Unfortunately, approval voting can't solve the issue of bad voters who
approve of evil (no voting system can). But what it *can* do is guarantee
that if voters are unhappy with their options, they can choose another one
that's better, without being afraid of wasting their vote as a result.

See also Myerson and Weber's 1990 paper, showing that score/approval voting
always have a Condorcet (most-loved, majority-rule) winner as a stable Nash
equilibrium. (This is unlike plurality, IRV, or other systems that fails
sincere favorite: for these systems, a popular candidate can end up being
crushed, just because everyone thinks they have no chance of winning. This
actually happened just 2 years after the paper was published, with polls
showing Ross Perot could have beat either Bush or Gore one-on-one, but he
lost because everyone thought he had no hope of winning. Ironically, that
means Bush was a spoiler for Perot, not the other way around.)

On Sun, Mar 24, 2024 at 1:12 AM Michael Garman <
michael.garman at rankthevote.us> wrote:

>
> Perhaps…but this assumes that everyone values the same candidates the
> same. The polls that show that near-majorities of Americans want a third
> party are often taken out of context by people who don’t take into account
> that everyone wants a different third party — I want a socialist party,
> some people want a centrist party, others want a libertarian party, still
> others want a full-fledged Nazi party, etc etc.
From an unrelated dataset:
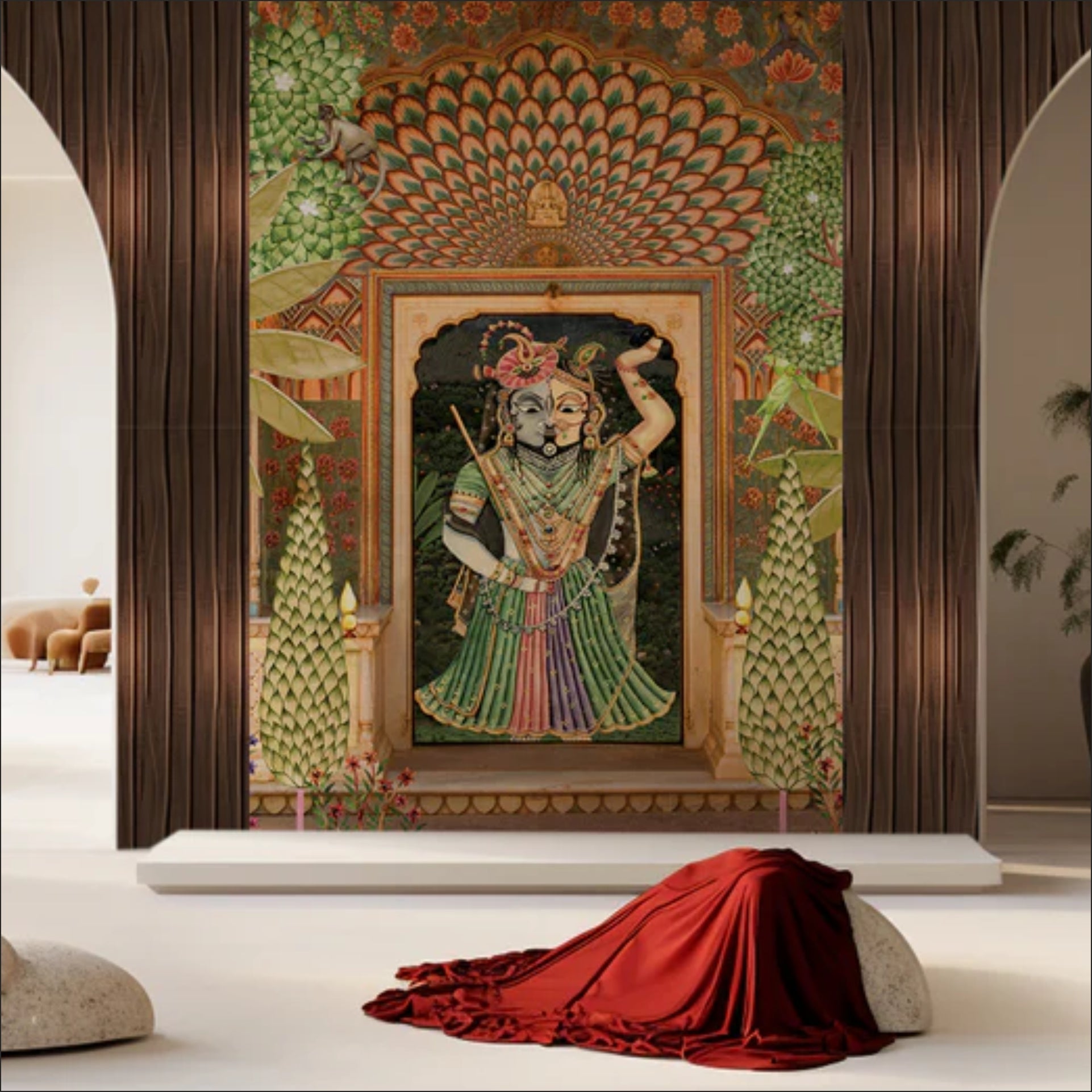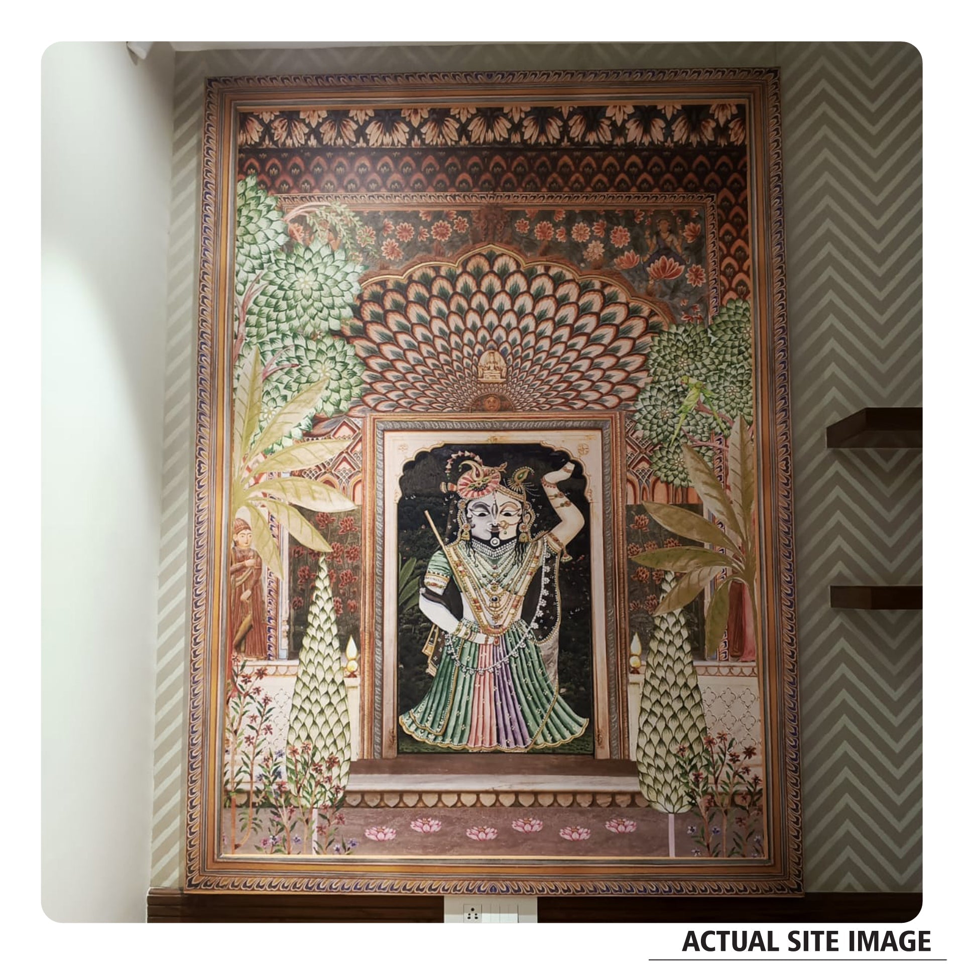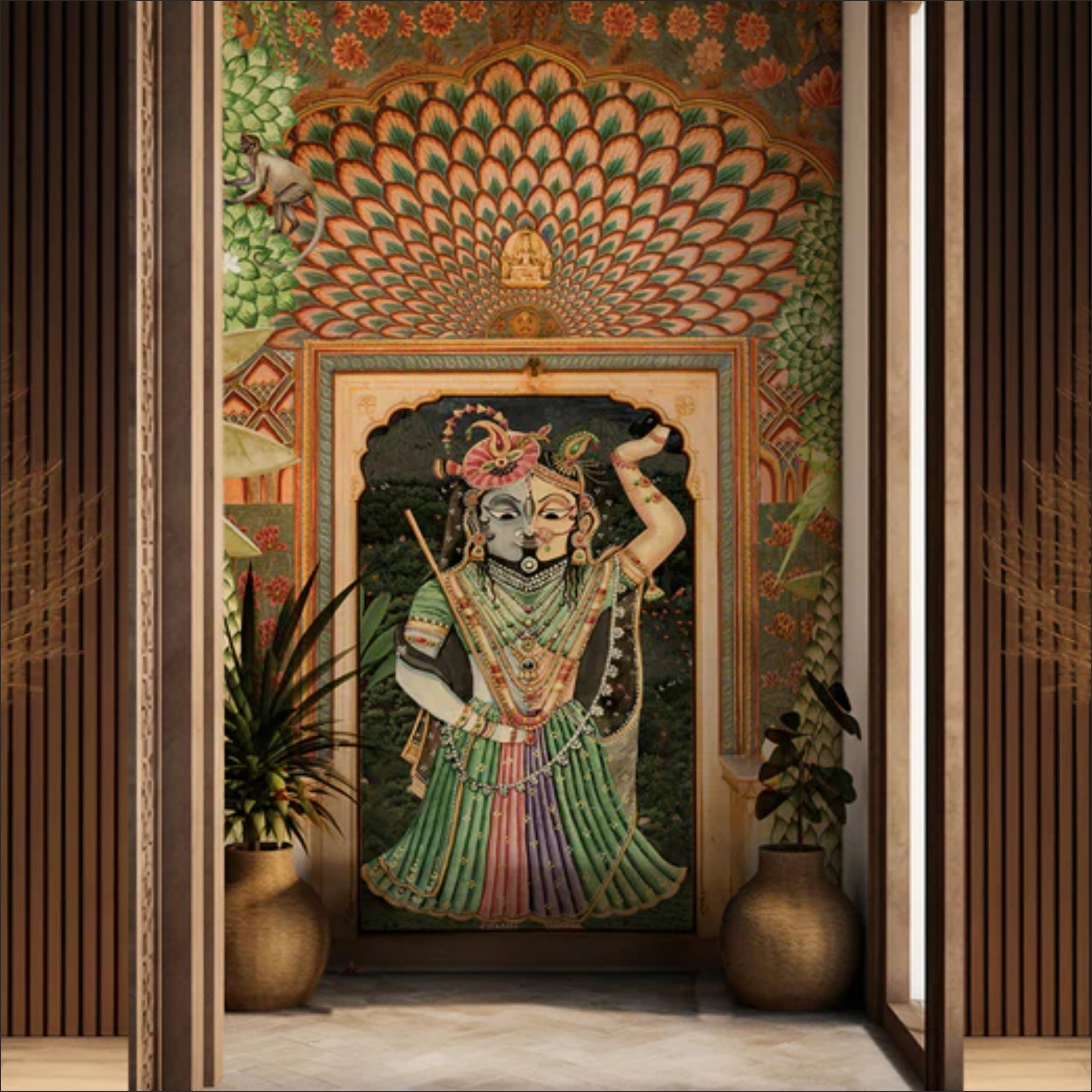Colorful Pichwai Shreenath ji and yamunaji wallpaper for temple walls or Pooja room.

If most people approve one
> third party candidate and one “lesser evil,” we get lesser evil again.
>
> Which is fine by me if that’s truly who the voters want, but it seems like
> a stretch to me to say that approval solves the lesser-evil problem.
> On Sun, Mar 24, 2024 at 2:42 AM Michael Ossipoff <email9648742 at gmail.com>
> wrote:
>
>> Sorry, one more comment, in answer to a frequent criticism:
>>
>> In Approval:
>>
>> If some or many people approve an unfavorite lesser-evil “compromise”
>> (many are going to make the mistake of voting for one in November), then
>> pretty much everyone who approves him also approves better candidates too.
>>
>> But those better candidates will also be approved by people, including
>> me, who would never approve that evil.
>>
>> …& so a better candidate wins & the evil loses.
>>
>>
>> On Sat, Mar 23, 2024 at 18:30 Michael Ossipoff <email9648742 at gmail.com>
>> wrote:
>>
>>> Addendum:
>>>
>>> In the Approval-result, I should have added that there’s no
>>> sincere-vs-strategic issue.
>>>
>>> On Sat, Mar 23, 2024 at 18:27 Michael Ossipoff <email9648742 at gmail.com>
>>> wrote:
>>>
>>>> Approval maximizes the number of people pleasantly-surprised, &/or the
>>>> number who get something they like.
>>>>
>>>> Condorcet:
>>>>
>>>> “This complicated automatic-machine will legalistically tell us who has
>>>> the right to get their way.”
>>>>
>>>> Score:
>>>>
>>>> Robert is right, that people can’t be expected to rate sincerely
>>>> (merit-proportionate) in Score when something is at-stake.
>>>>
>>>> But in polls where nothing material is at-stake, & when people would
>>>> rather find out how liked their favorite is—instead of falsifying to make
>>>> people believe that their favorite is most-liked—then people will rate
>>>> merit-proportionate, & score will meaningfully measure overall merit.